Silicon isotopes are not something one can easily buy on the open market, and word had it that Ager still had some silicon isotope crystals in storage at Berkeley Lab — not a lot, but still enough to share “if someone has a great idea about how to use it,” Ager said. “And Junqiao’s new study was such a case.”

Using Ager’s silicon isotope materials, the Wu team tested the thermal conductivity in bulk 1-millimeter-size silicon-28 crystals versus natural silicon — and again, their experiment confirmed what Ager and his collaborators discovered years ago — that bulk silicon-28 conducts heat only 10% better than natural silicon.

Now for the nano test. Using a technique called electroless etching, Ci made natural silicon and silicon-28 nanowires just 90 nanometers (billionths of a meter) in diameter — about a thousand times thinner than a single strand of human hair.

To measure the thermal conductivity, Ci suspended each nanowire between two microheater pads outfitted with platinum electrodes and thermometers, and then applied an electrical current to the electrode to generate heat on one pad that flows to the other pad via the nanowire.

“We expected to see only an incremental benefit — something like 20% — of using isotopically pure material for nanowire heat conduction,” Wu said.

But Ci’s measurements astonished them all. The Si-28 nanowires conducted heat not 10% or even 20%, but 150% better than natural silicon nanowires with the same diameter and surface roughness.

This defied everything that they had expected to see, Wu said. A nanowire’s rough surface typically slows phonons down. So, what was going on?

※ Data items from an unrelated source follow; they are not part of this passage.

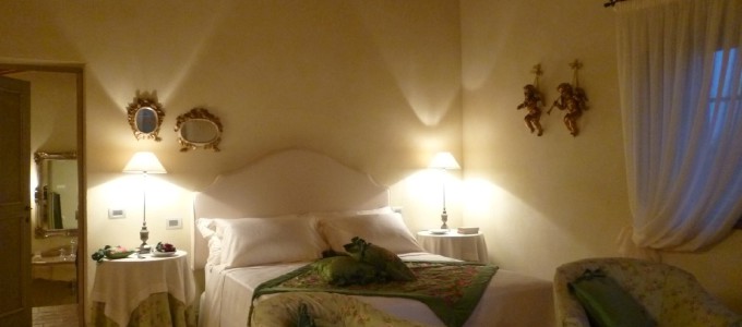 Delicate pink colour charaterizes this suite along with antique furniture making it romantic and intimate. It overlooks the valley and the hills of Ciliano. The bathroom offers guests a shower box in crystal glass, a jacuzzi and chromotherapy.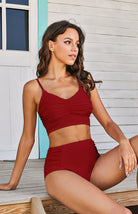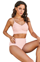 Sexy Stretch Gathered Without Underwire Adjustment Shoulder Strap Top & High Waist Bikini Set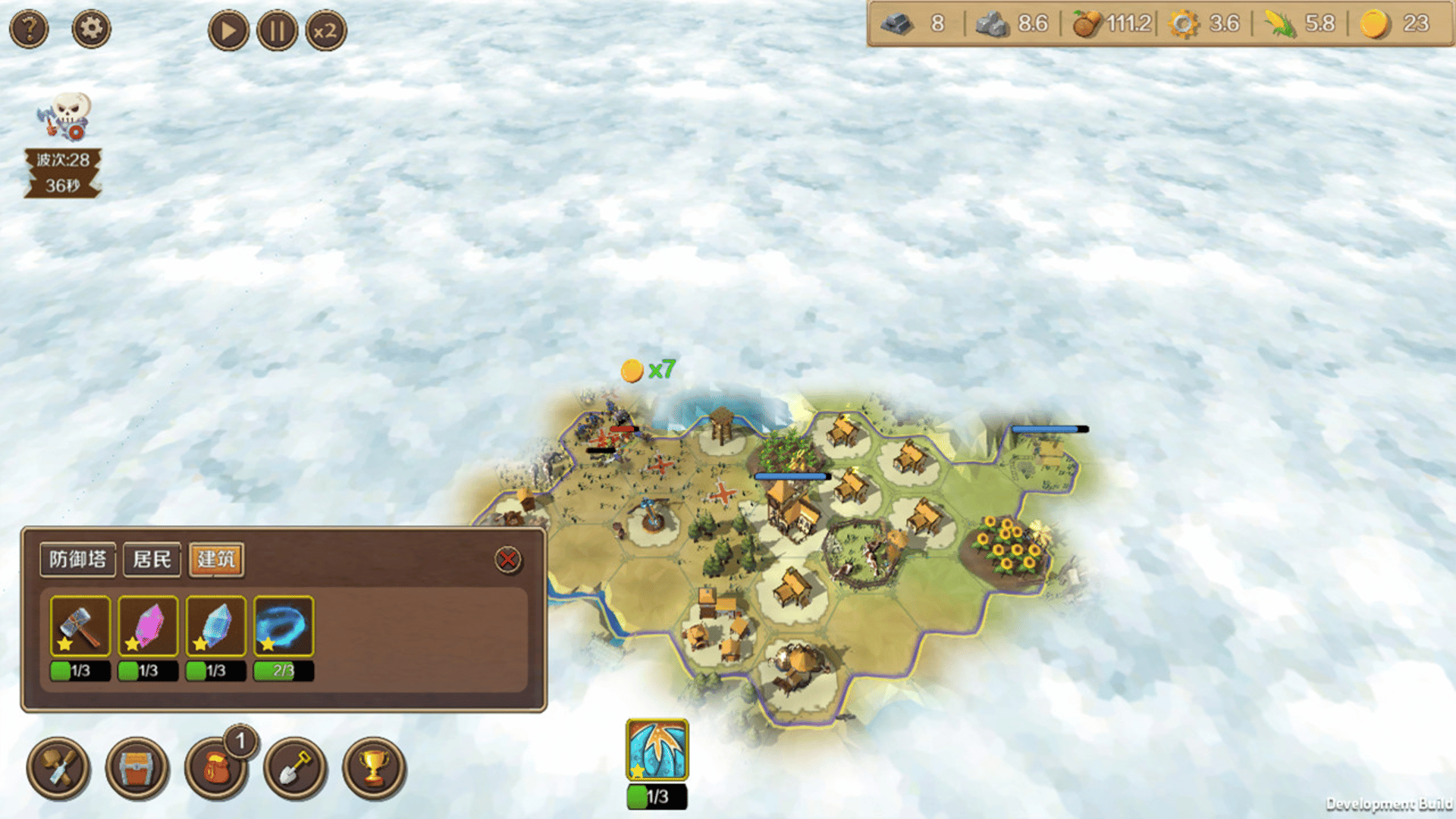 Defending Territory a tower defense strategy game. Collect resources in your territory, develop your economy, expand your population, build defensive and economic buildings to defend your enemy's attack.

High-resolution TEM (transmission electron microscopy) images of the material captured by Matthew R. Jones and Muhua Sun at Rice University uncovered the first clue: a glass-like layer of silicon dioxide on the silicon-28 nanowire surface.

Computational simulation experiments at the University of Massachusetts Amherst led by Zlatan Aksamija, a leading expert on the thermal conductivity of nanowires, revealed that the absence of isotope “defects” — silicon-29 and silicon-30 — prevented phonons from escaping to the surface, where the silicon dioxide layer would drastically slow down the phonons. This in turn kept phonons on track along the direction of heat flow — and therefore less “confused” — inside the silicon-28 nanowire’s “core.” (Aksamija is currently an associate professor of materials science and engineering at the University of Utah.)

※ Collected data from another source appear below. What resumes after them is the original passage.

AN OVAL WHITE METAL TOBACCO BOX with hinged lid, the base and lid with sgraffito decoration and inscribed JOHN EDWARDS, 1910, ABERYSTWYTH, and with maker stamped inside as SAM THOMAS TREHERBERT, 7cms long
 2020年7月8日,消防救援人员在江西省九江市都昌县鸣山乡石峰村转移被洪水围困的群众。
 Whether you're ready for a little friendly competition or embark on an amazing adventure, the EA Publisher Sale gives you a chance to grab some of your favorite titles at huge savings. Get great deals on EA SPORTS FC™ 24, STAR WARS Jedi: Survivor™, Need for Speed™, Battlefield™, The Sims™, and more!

“This was really unexpected. To discover that two separate phonon-blocking mechanisms — the surface versus the isotopes, which were previously believed to be independent of each other — now work synergistically to our benefit in heat conduction is very surprising but also very gratifying,” Wu said.

“Junqiao and the team discovered a new physical phenomenon,” Ager said. “This is a real triumph for curiosity-driven science. It’s quite exciting.”

Wu said that the team now plans to take their discovery to the next step: by investigating how to “control, rather than merely measure, heat conduction in these materials.”